───── Data for processing ─────
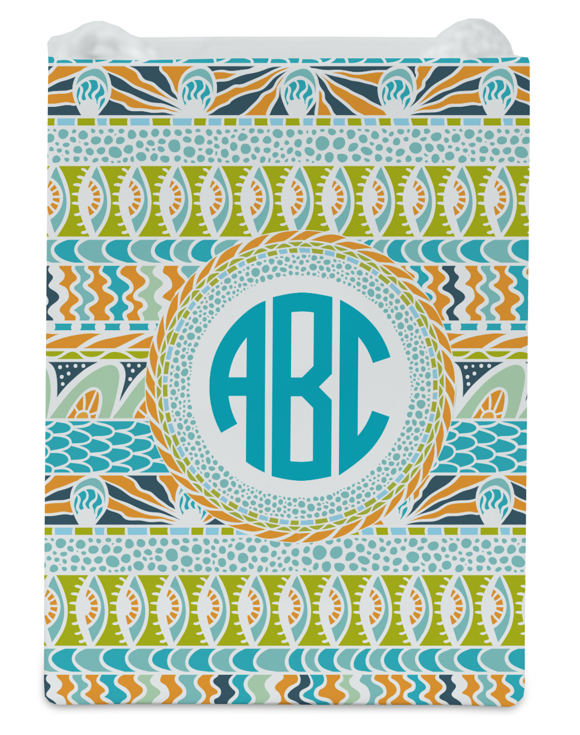 In the center of all the striped, rounded, and scaled mayhem is a white label, the eye of the storm, the perfect place for the personalization of your choice.
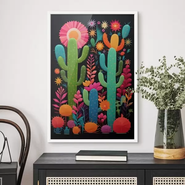Plakatas Ryškūs kaktusai ir gėlės ant tamsaus fono Ne f47297
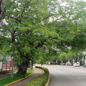 La temporada de lluvias ya llegó y los árboles viejos y enfermos del velódromo de la Ciudad Deportiva no se han talado; solo los han identificado con marcas.
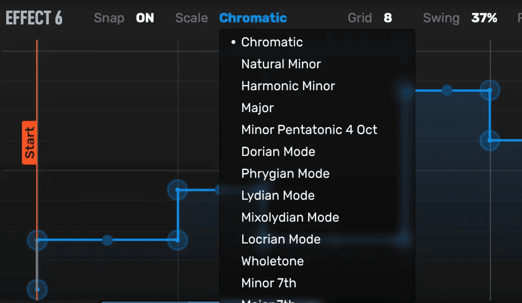 Infiltrators的某些效果 – 如音高偏移, 共鸣滤波器等, 都可以调节音高. 在音高吸附模式下所绘制的曲线和位点, 都会倾向于现实中的音高值, 让你得到音乐性的结果. 点击音符标记后, 添加的位点都会吸附到最近的半音上. 当然, 网格还可以选择为多种音阶.
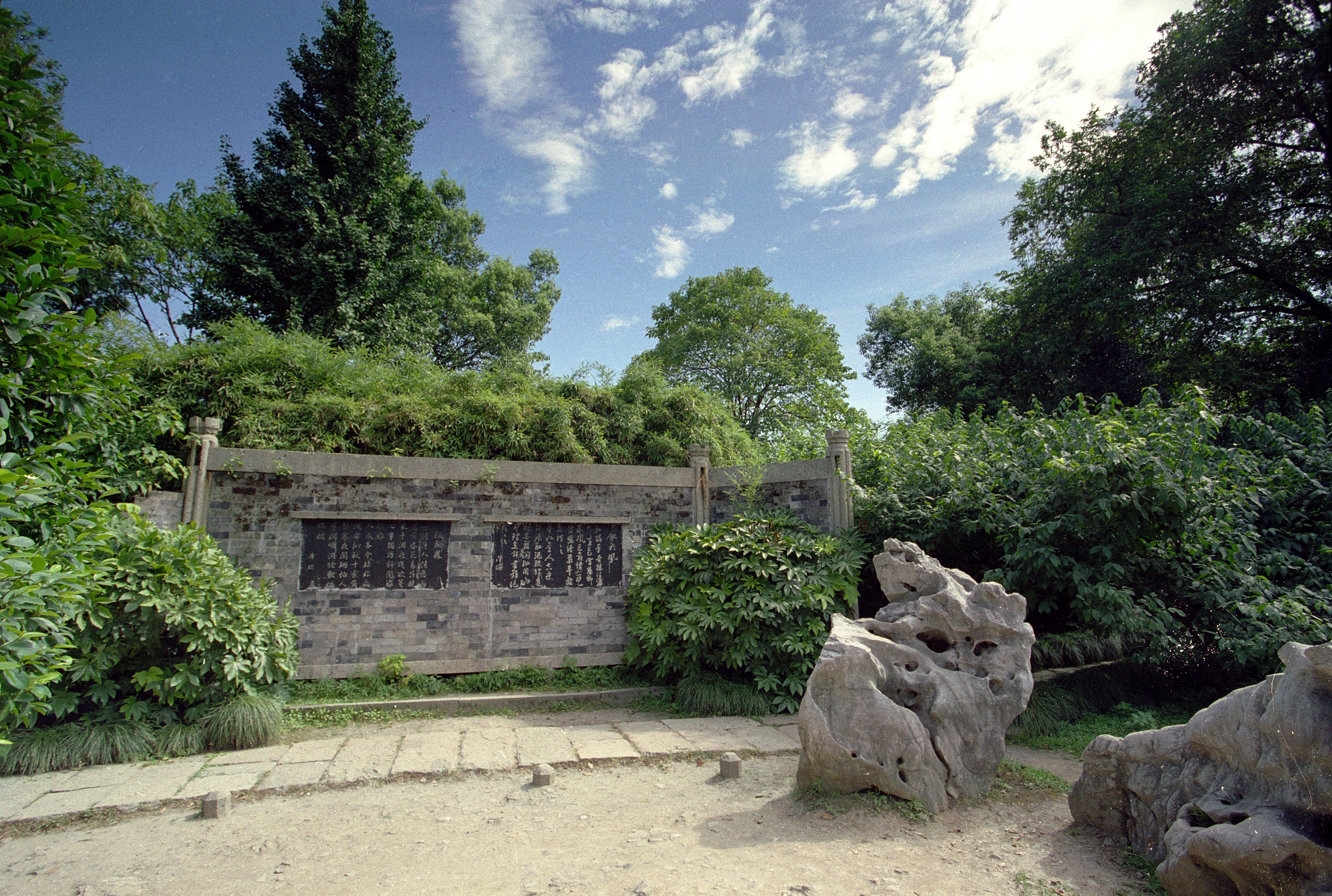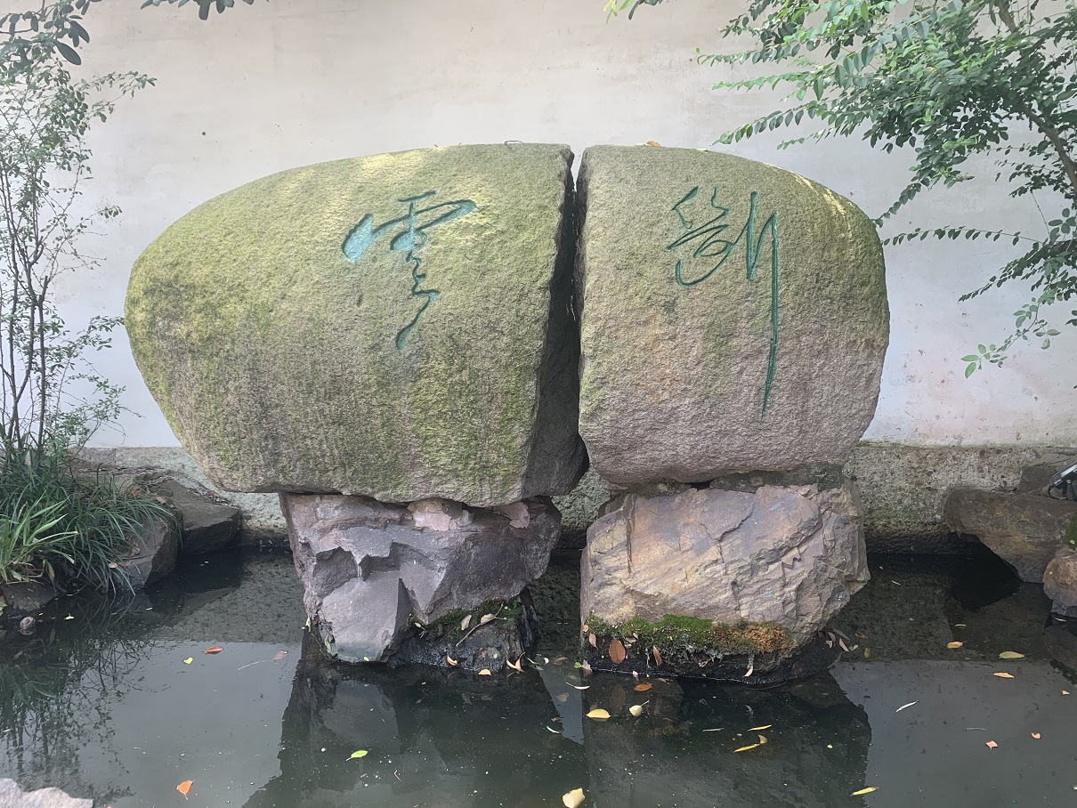 斷云石在沈園入口處,陸游曾寫過詩句“斷云幽夢事茫茫”,“斷云”諧音“斷緣”,此石中間斷開,但依依不愿分離,向人們訴說陸游和唐琬的愛情悲劇,點明沈園的主題
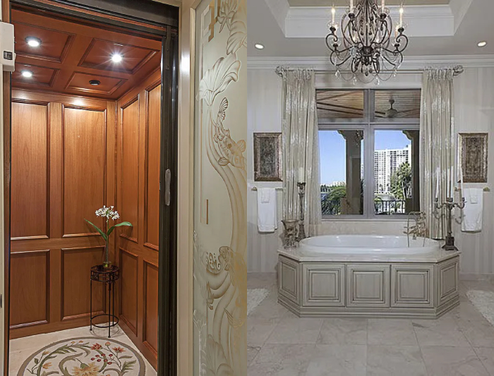 La lujosa propiedad construida en 2006 tiene un elevador propio y alberca con clima. Sin embargo, los sitios especializados en bienes raíces explican que no tiene espacio para aparcar yates, aunque es posible rentarlo. La descripción de la mansión señala que se trata de una "impresionante" propiedad" con "amplias vistas a la bahía".
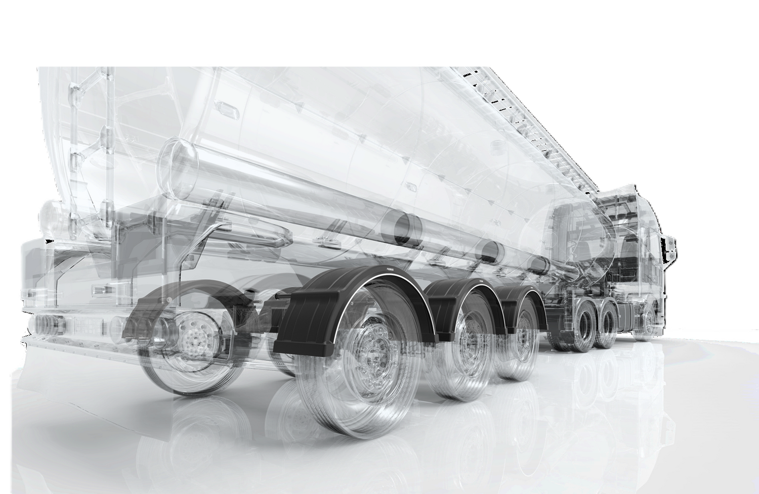 - Parafango singolo con bordo bianco DK4175 per ruote da 19,5 a 24,5 pollici, lungo 1300 mm e largo 460 mm. Protegge il rimorchio e il carico da danni meccanici e gli altri utenti della strada da schizzi di fango o pietre provenienti da sotto le ruote.
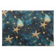 A cloth place mat with an elegant blue pattern with starfish, representing the ocean.
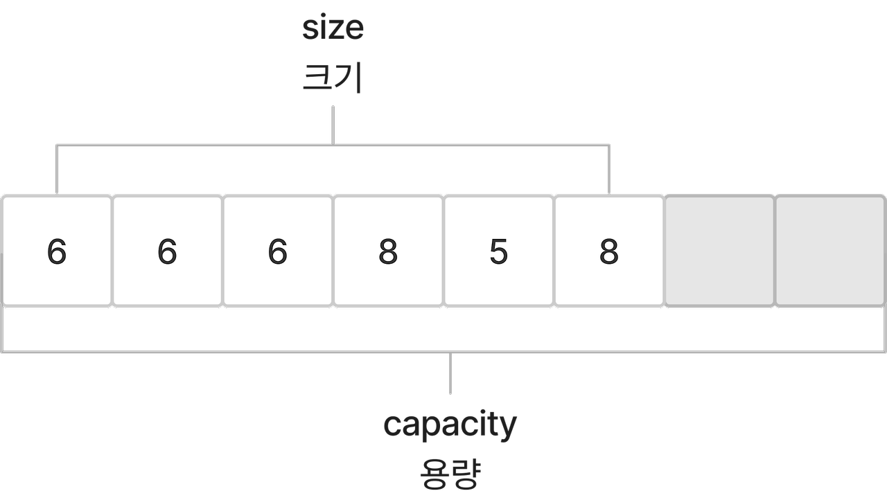 - 동적 배열의 내부에서는 배열의 크기가 커지는 것에 대한 여유분의 메모리를 확보하고 있고, 실제로 동적 배열을 사용하는 프로그램에서는 실제 사용 중인 배열의 크기만 인식한다.
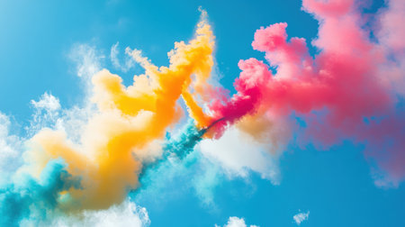 A vibrant explosion of colorful smoke fills the air against a bright blue sky, creating a dynamic and artistic atmosphere perfect for celebrations and festivals.
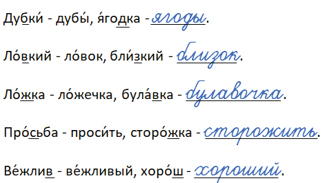 Подберите к каждому слову однокоренное проверочное слово. Запишите по образцу.
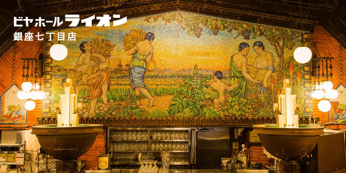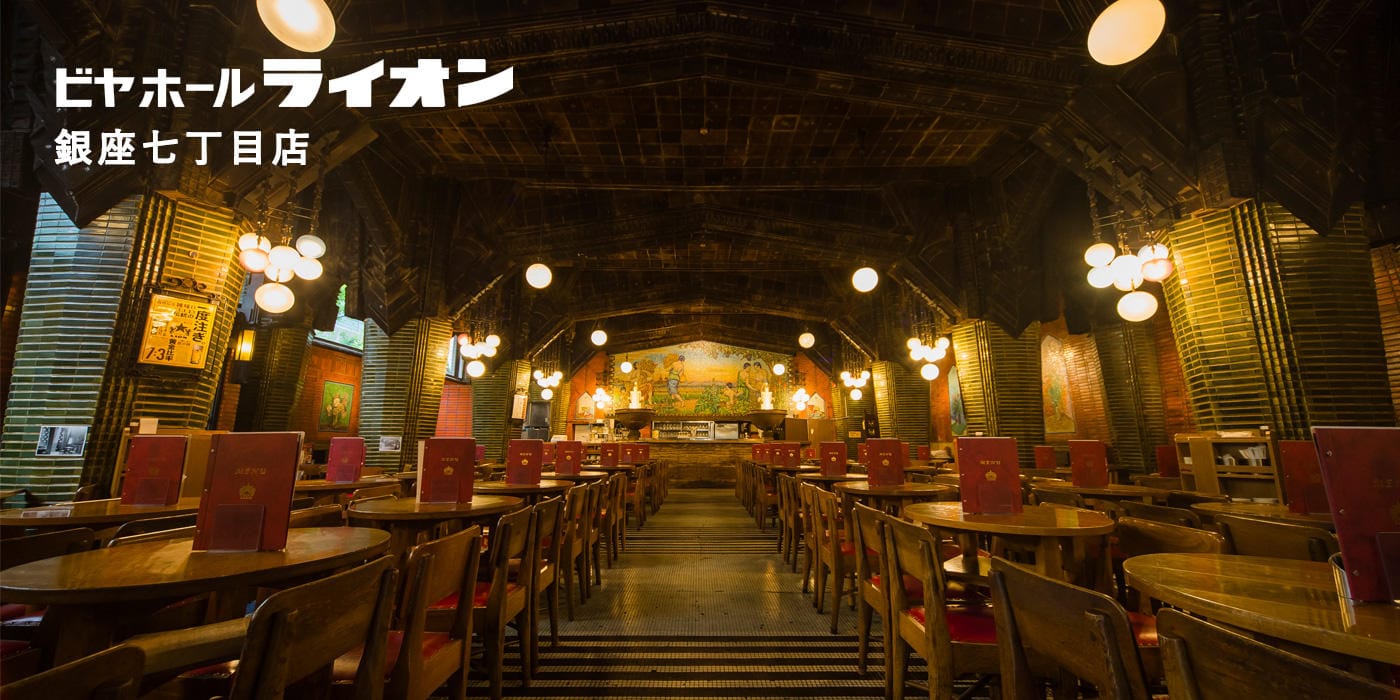 東京銀座的「Ginza Lion Beer Hall(ビヤホールライオン)-銀座七丁目店」創建於1934年,是日本現存最古老的啤酒館之一。其內裝在當時極為豪華,經過精心設計,獲得建築界及公眾的高度評價。戰後,該建築免於空襲破壞,並於1952年重新對外開放,至今仍保持著創建時的風貌。
─────
Requirement
An exact repetition of all the records above is required, excluding the pictures.

Exercise solution
 In the center of all the striped, rounded, and scaled mayhem is a white label, the eye of the storm, the perfect place for the personalization of your choice.
Plakatas Ryškūs kaktusai ir gėlės ant tamsaus fono Ne f47297
 La temporada de lluvias ya llegó y los árboles viejos y enfermos del velódromo de la Ciudad Deportiva no se han talado; solo los han identificado con marcas.
 Infiltrators的某些效果 – 如音高偏移, 共鸣滤波器等, 都可以调节音高. 在音高吸附模式下所绘制的曲线和位点, 都会倾向于现实中的音高值, 让你得到音乐性的结果. 点击音符标记后, 添加的位点都会吸附到最近的半音上. 当然, 网格还可以选择为多种音阶.
 斷云石在沈園入口處,陸游曾寫過詩句“斷云幽夢事茫茫”,“斷云”諧音“斷緣”,此石中間斷開,但依依不愿分離,向人們訴說陸游和唐琬的愛情悲劇,點明沈園的主題
 La lujosa propiedad construida en 2006 tiene un elevador propio y alberca con clima. Sin embargo, los sitios especializados en bienes raíces explican que no tiene espacio para aparcar yates, aunque es posible rentarlo. La descripción de la mansión señala que se trata de una "impresionante" propiedad" con "amplias vistas a la bahía".
 - Parafango singolo con bordo bianco DK4175 per ruote da 19,5 a 24,5 pollici, lungo 1300 mm e largo 460 mm. Protegge il rimorchio e il carico da danni meccanici e gli altri utenti della strada da schizzi di fango o pietre provenienti da sotto le ruote.
 A cloth place mat with an elegant blue pattern with starfish, representing the ocean.
 - 동적 배열의 내부에서는 배열의 크기가 커지는 것에 대한 여유분의 메모리를 확보하고 있고, 실제로 동적 배열을 사용하는 프로그램에서는 실제 사용 중인 배열의 크기만 인식한다.
 A vibrant explosion of colorful smoke fills the air against a bright blue sky, creating a dynamic and artistic atmosphere perfect for celebrations and festivals.
 Подберите к каждому слову однокоренное проверочное слово. Запишите по образцу.
 東京銀座的「Ginza Lion Beer Hall(ビヤホールライオン)-銀座七丁目店」創建於1934年,是日本現存最古老的啤酒館之一。其內裝在當時極為豪華,經過精心設計,獲得建築界及公眾的高度評價。戰後,該建築免於空襲破壞,並於1952年重新對外開放,至今仍保持著創建時的風貌。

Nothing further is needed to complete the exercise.